# grandaddys :)



## Lou_lou (Jul 23, 2009)

Just reading Nat's post about M's grandad and remembered that I was sent a photo of perrys grandad the other day (the only gap he had in his photo pedigree) its such a cute photo too  and so he isn't left out will post his other grandad too 

Champion Crosshouse pablo too at Salsaro









Champion Yorone Pieces of Eight









Post photos of your chi's grandads


----------



## ExoticChis (Jun 20, 2010)

he is stunning!!


----------



## 18453 (Feb 6, 2010)

Louise perry looks like both his grandads they're gorgeous

Here's lotus' 

Bramerita dark n debonair (1cc I think)









And 
Multi Champion Misty Meadows Daffy Duck









I don't have pics from her dads side these two are both on her dams and I don't know any of my daisys


----------



## *Chloe* (Feb 6, 2006)

Crosshouse Pablo Too at Salsero is Ruby's GGG grandad theres a nice pic of him in last years LC yearbook


----------



## Lou_lou (Jul 23, 2009)

Daisydoo said:


> Bramerita dark n debonair (1cc I think)

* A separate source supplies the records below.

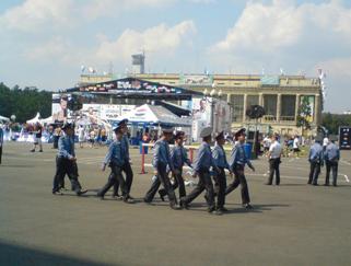 Я обошел Большую спортивную арену (БСА) со стороны трибуны В. Там было много народу. Асфальт расчертили под баскетбольные площадки, на которых молодежь, под присмотром нескончаемой цепочки милиционеров (уже четвертой, см. фото) лениво бросала мячи. Тяжело было ребятам - жара, плавящийся асфальт. Но поскольку это были «нашисты» привезенные с Селигера, мне их было не жалко. Мне стало жалко лохматую служебную немецкую овчарку. Она-то вообще ни за что мучилась на этом празднике жизни.
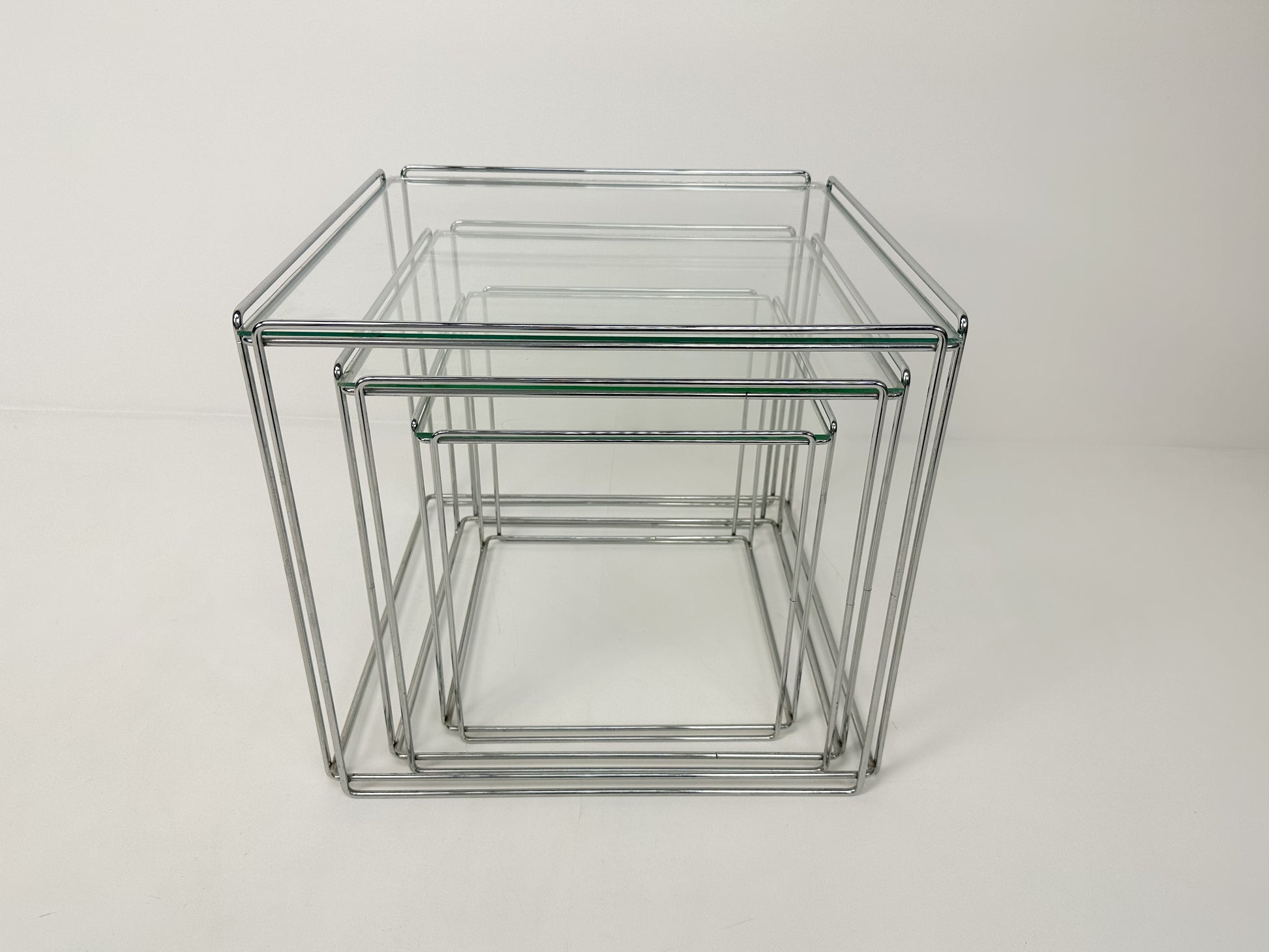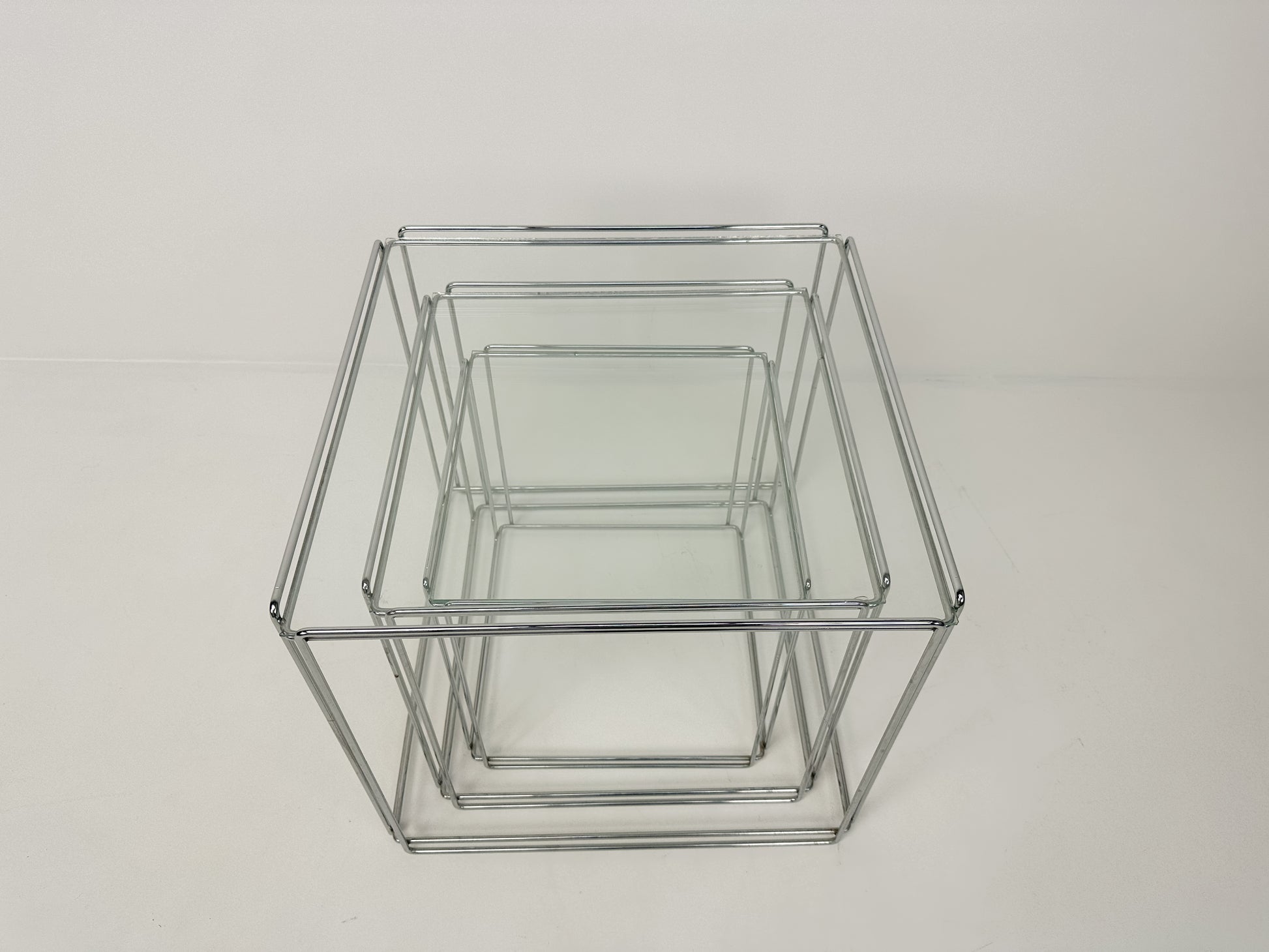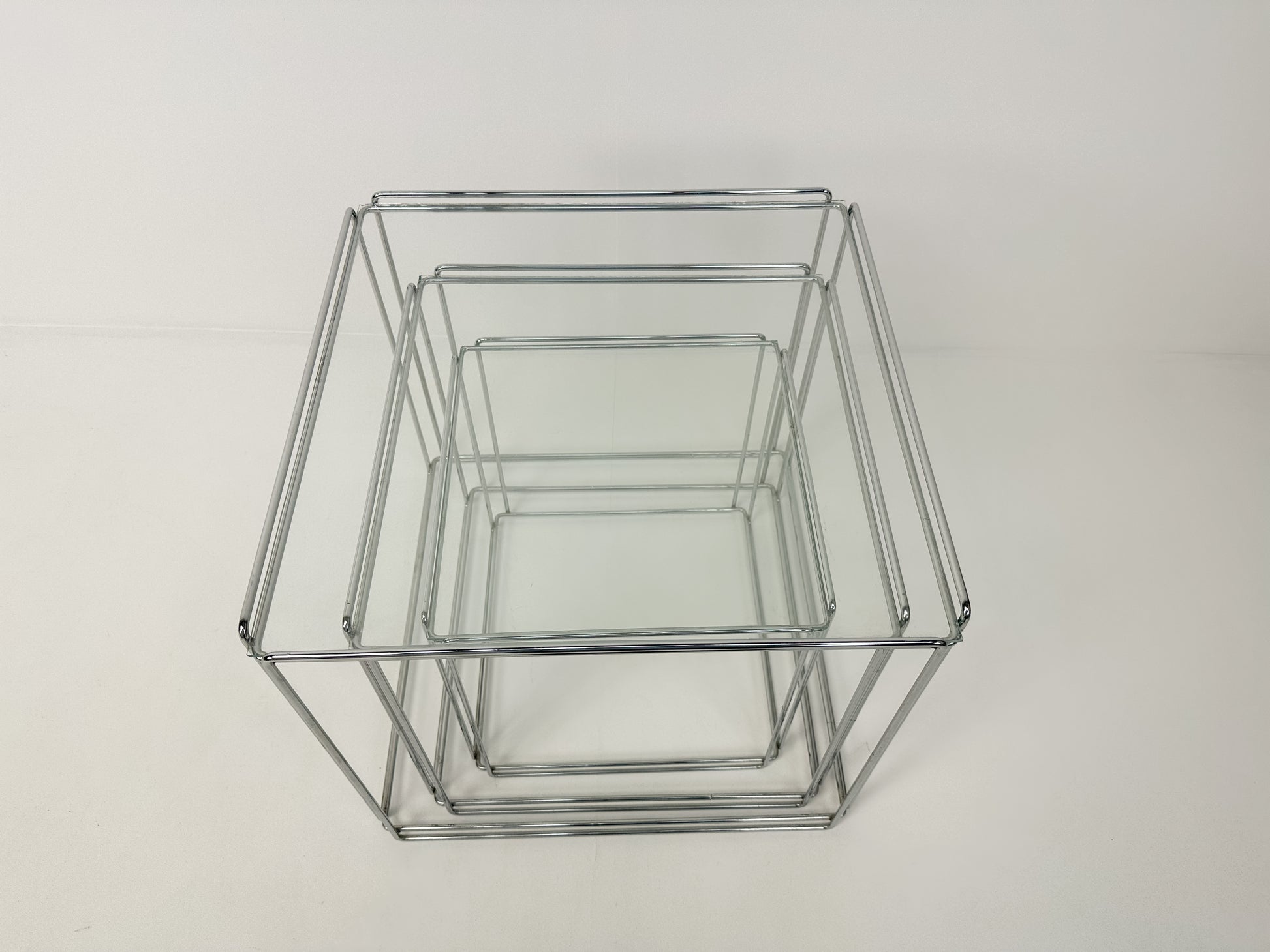 Glass & Chrome Nesting Tables, inspired by Max Sauze's iconic Isocele "Chrome Edition."
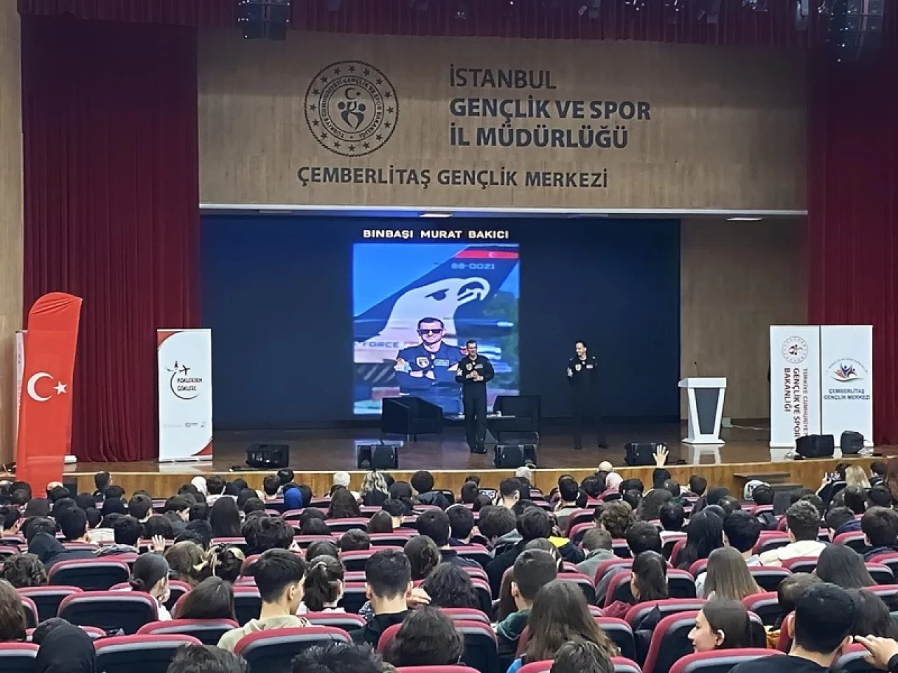 Müdürlükten yapılan açıklamaya göre, Çemberlitaş Gençlik Merkezi'nde düzenlenen etkinlikte SOLOTÜRK pilotları, gösteri uçuşlarının nasıl hazırlandığını, modern savaş uçaklarının yüksek manevra kabiliyetlerini, pilotaj eğitimi süreçlerini ve uçuş sırasında karşılaşılan fiziksel zorlukları detaylı şekilde anlattı.

He is Perrys great grandad too  
Perry and lotus would have stunning pups...... GROW lotus!! Lolol


----------



## Lou_lou (Jul 23, 2009)

*Chloe* said:


> Crosshouse Pablo Too at Salsero is Ruby's GGG grandad theres a nice pic of him in last years LC yearbook


Can u take a photo of it and post it please or txt me it  he was at the LCC and I missed him


----------



## Chiva (May 2, 2010)

This is Logan's dad:

http://www.westminsterkennelclub.org/2007/photos/breed/TR38729901.jpg

I dont have any pics of his grandad. 

Not sure who the girls are by :lol:


----------



## flippedstars (Dec 16, 2009)

Dad... CH Sylvancreek Rocket's Red Glare









Bryco's grandaddios...

CH Mina's Tennessee Hunter









Cornerstone's Frosty of Shalimar (still a puppy in the pic)


----------



## *Princess* (Feb 7, 2009)

beautiful x


----------



## *Chloe* (Feb 6, 2006)

Bentley's 

http://www.chihuahua-people.com/chihuahua-pictures/35319-ch-samangie-sunshadow.html

dont have a pic of Parkbow Nice Tri with Crichlys (JW)

Ruby's

http://www.chihuahua-people.com/chihuahua-pictures/32611-bailey-samangie-sunshine.html


Ch Ir Ch Toodulpips Dark Warrior at Madrako


----------



## Lou_lou (Jul 23, 2009)

Chiva said:


> This is Logan's dad:
> 
> http://www.westminsterkennelclub.org/2007/photos/breed/TR38729901.jpg
> 
> ...


Pepa's dad is from the same breeder as my girl, Amarose I have only meet her smooth girls tho


----------



## 18453 (Feb 6, 2010)

*Chloe* said:


> Bentley's
> 
> http://www.chihuahua-people.com/chihuahua-pictures/35319-ch-samangie-sunshadow.html
> 
> ...


I'll have them all!! Thanks hahahah


----------



## *Chloe* (Feb 6, 2006)

Lou_lou said:


> Can u take a photo of it and post it please or txt me it  he was at the LCC and I missed him


 
yep will find it tomorrow tho its in a box somewhere lol


----------



## Chiva (May 2, 2010)

Lou_lou said:


> Pepa's dad is from the same breeder as my girl, Amarose I have only meet her smooth girls tho


Ooh, no, thats Pixie (Soraya). Pepa is a Lynpix


----------



## Lou_lou (Jul 23, 2009)

Chiva said:


> Ooh, no, thats Pixie (Soraya). Pepa is a Lynpix


Isn't pepa by amarose justin X lynpix top o the morning? I promise I'm not a stalker hahaha says it in my catalogue ha who is pixie by? 
xxx


----------



## KittyD (Apr 2, 2010)

I was just looking up Bijou's I cannot find his grandfather but his great grandfather is
CH Charming Chi's Shenandoah.


----------



## Chiva (May 2, 2010)

Lou_lou said:


> Isn't pepa by amarose justin X lynpix top o the morning? I promise I'm not a stalker hahaha says it in my catalogue ha who is pixie by?
> xxx


Oooh, possibly! Sounds familiar  I have no copies of their papers or anything and i dont fill out the entry forms so im clueless about their pedigrees 

Pixie is from Amarantos (similar to amarose, thats my excuse for being dumb  ) but her affix is Laurenchi which makes life very confusing. Not sure who she is by but i think it might be Veejim Delta Force? That seems familiar... Unless its a pug :lol:


----------



## Yoshismom (Jul 6, 2005)

Wow! What a beautiful lineage!


----------